– Егор Ива-ныч!
Серегин прыгнул в Семенову лодку и остался стоять, качаясь на высокой волне, провожаемый взглядами женщин, вольный, крепко загоревший, веселый. Увидал светлый валун и вспомнил, как в белой ночи не мог спать, как охватил тогда накрепко этот холодный валун и вырвал из заевшей его чмокнувшей глины. И все вспомнил. Стряхнул на затылок фуражку и руганул весело и Семена, и реку, и затихающий пароход:
– Раков все, черти, давите!
Подмигнув пароходу, сказал весело и Семен:
– Повертелся надысь у косы… Та-чал капитан… шумной!
– С вами будешь шумной!
А Семен подмаргивал про себя из-под драного картуза под писк ерзавших весел. А когда Серегин доставал папиросу, признал жестяную коробочку с крашеной бабочкой наверху. Показывал ему как-то Егор Иваныч эту коробочку, тыкал к носу и говорил:
– Хорош я себе портсигар уделал?!
Чу-дак! А был у него настоящий портсигар, на пружинке. На его глазах тогда и зашвырнул в реку, хоть бы ему подарил!
– А понсигарчик-то ваш надышний ущупал я, рашницей достал. А это у вас, с бабочкой какой был?
– Подгребайся, подгребайся… с бабочкой! С солдаткой-то как?
– Хе-э… ничаво.
От шалашика лаяла на воду рыжая Лиска с белоголовым кутенком, и казалось, что в чаще есть еще Лиска и тоже радуется.

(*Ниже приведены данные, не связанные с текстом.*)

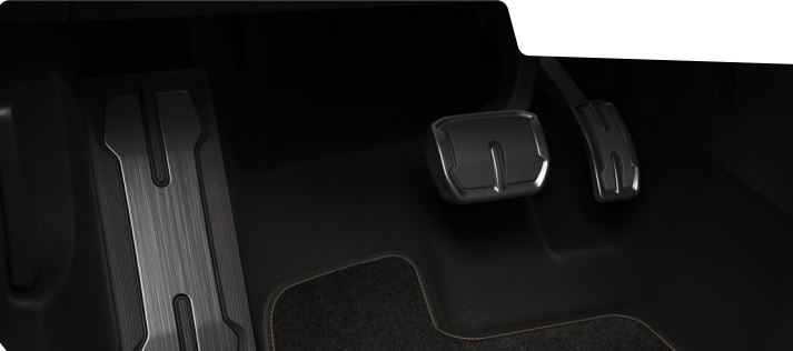 Koyu alüminyum görünümlü spor pedal seti, sofistike duruşu sportif sürüş ile birleştirir.
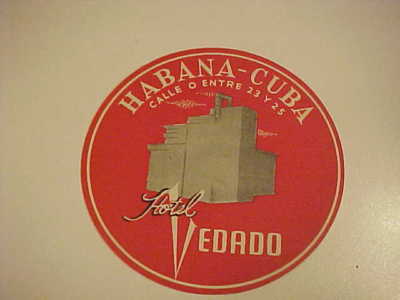 Vintage luggage label Hotel Vedado Habana Havana Cuba
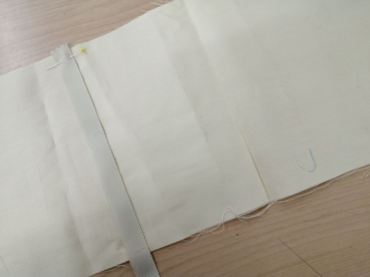 裏布(または表布)の表側に、テープまたはリボンを縫いつけます。
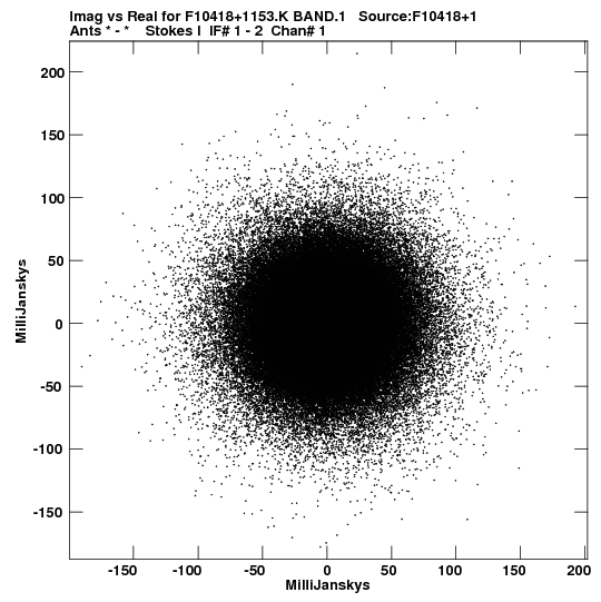 angle, the approximate noise level in prefixed units of Jansky, and a
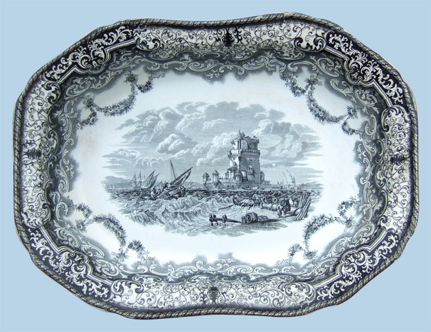 The “Continental Views” series is a little more difficult in that the scenes are not individually titled. Again I have records of seventeen different scenes and with a great deal of work I have managed so far to identify seven of them. They are found on dinner and toilet wares printed in blue, black or brown. Examples seem to show up even less than the Arabesque series and I have decent images of a paltry three of them. The example shown here is a view near Lisbon on a baking dish.
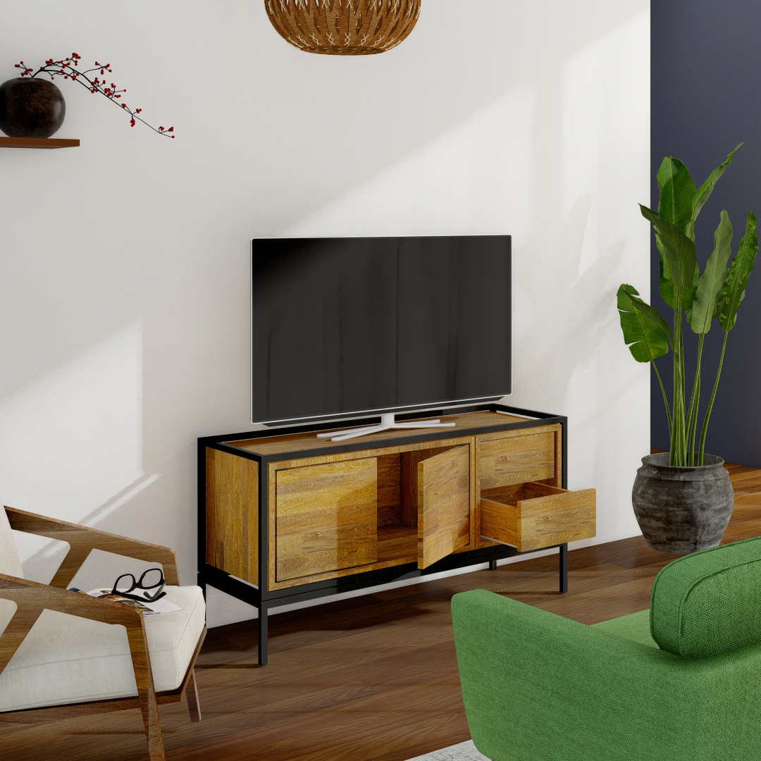 Las combinaciones de almacenaje para TV de INDIANA ofrecen espacio para el televisor y sitio para guardar los aparatos y todo lo que necesitas tener cerca, de modo que te permiten ocultar el desorden y mostrar tus objetos preferidos.
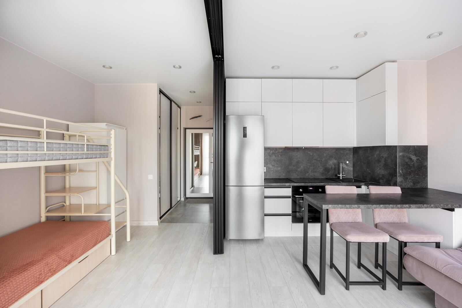 – Благодаря большим окнам и удачному расположению квартира наполнена естественным светом, создавая ощущение простора и уюта.– Пространство организовано максимально рационально: предусмотрены отдельные зоны для сна, отдыха, работы и приготовления пищи — каждый квадратный метр работает на комфорт.– Выполнен качественный современный ремонт: свежие отделочные материалы, нейтральная цветовая гамма — квартира готова к заселению без дополнительных вложений.– В прихожей обустроена полноценная гардеробная комната — удобно для хранения одежды, обуви и бытовых мелочей.– Гибкий функционал: планировка легко адаптируется под ваши задачи и стиль жизни. В квартире установлена двухуровневая детская кровать, которую при необходимости можно демонтировать без потери пространства.– Отлично подойдёт как для собственного проживания, так и для сдачи в аренду.О районе:
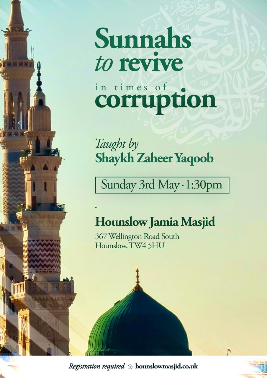 Hounslow Jamia Masjid 367 Wellington Road South Hounslow, TW4 5HU United Kingdom, United KingdomSunnahs to revive in times of Corruption The Prophet ﷺ said: “Ahead of you there lie days of patience, during which being patience will be like grasping a hot coal. The one who does good deeds then will have a reward like that of fifty men who do such deeds. Those present said: O Messenger of […]

Прямо с ходу Серегин осмотрел запасные баканы, кучу ржавых цепей, оглянул реку, привычно выискивая отсветы кос и наносов.
– Как на скате?
– У таей, у долгой, новый перекатец задират… Да от ее версту туды, квыше… заманиха рость стала на глыби… да к буграм, жалились, что низвергло, да к Каменьям…
– Ого! Ну, завтра поврешь – погляжу. Придется под якоря двоих со Шуров взять…

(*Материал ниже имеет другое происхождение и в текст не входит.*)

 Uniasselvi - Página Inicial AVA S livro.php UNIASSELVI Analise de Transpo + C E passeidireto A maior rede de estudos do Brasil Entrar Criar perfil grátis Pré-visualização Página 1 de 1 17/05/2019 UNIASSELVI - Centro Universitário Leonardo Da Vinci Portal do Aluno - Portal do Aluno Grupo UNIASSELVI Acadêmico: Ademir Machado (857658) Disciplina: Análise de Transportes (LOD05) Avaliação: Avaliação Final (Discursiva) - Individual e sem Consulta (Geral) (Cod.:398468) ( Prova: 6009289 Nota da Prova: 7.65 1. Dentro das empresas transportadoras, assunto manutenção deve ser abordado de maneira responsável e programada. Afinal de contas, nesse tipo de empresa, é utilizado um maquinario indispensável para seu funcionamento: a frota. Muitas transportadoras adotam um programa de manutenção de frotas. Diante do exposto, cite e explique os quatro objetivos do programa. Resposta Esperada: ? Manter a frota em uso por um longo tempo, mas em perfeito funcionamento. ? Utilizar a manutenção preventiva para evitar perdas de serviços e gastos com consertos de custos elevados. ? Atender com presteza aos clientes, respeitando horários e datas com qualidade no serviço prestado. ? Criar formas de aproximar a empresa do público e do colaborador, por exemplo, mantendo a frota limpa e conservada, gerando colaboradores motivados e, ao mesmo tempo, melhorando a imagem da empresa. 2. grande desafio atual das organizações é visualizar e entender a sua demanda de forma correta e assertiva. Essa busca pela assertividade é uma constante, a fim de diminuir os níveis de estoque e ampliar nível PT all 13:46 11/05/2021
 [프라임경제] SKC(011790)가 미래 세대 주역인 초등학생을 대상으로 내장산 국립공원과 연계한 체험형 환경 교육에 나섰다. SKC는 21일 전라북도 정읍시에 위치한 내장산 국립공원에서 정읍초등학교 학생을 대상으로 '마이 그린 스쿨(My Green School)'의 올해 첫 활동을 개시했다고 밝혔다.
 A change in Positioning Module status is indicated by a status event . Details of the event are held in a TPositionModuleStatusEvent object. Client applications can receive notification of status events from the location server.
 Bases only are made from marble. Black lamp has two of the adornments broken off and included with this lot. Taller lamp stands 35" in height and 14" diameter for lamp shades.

– Беспременно, што взять… Братишку бы Степанидина да…
– Лакомый, чертушка, до Степанидиных!
И как сказал про Щуры – заманило на сердце. Поднял затертый чемоданчик и посмотрел к чаще. И Семен покосился к чаще.
– Стоять-то тамоди опять будете, в жилище?
– А-а…
И русая головка голубоглазой Саши, с ямочками-умилками на щеках, игривой, увертливой Саши, к которой только и ехал, о которой – теперь было ясно – только и думал эти месяцы речной жизни, встала живой. Он толкнул легонько в брыластую мордочку лизавшего сапоги кутенка, дал щелчка Лиске и пошел выбитой по осыпи тропкой. На завороте посмотрел на пески того берега, осыпанные чернотой полоскавшихся к ночи ворон, на опускавшееся солнце.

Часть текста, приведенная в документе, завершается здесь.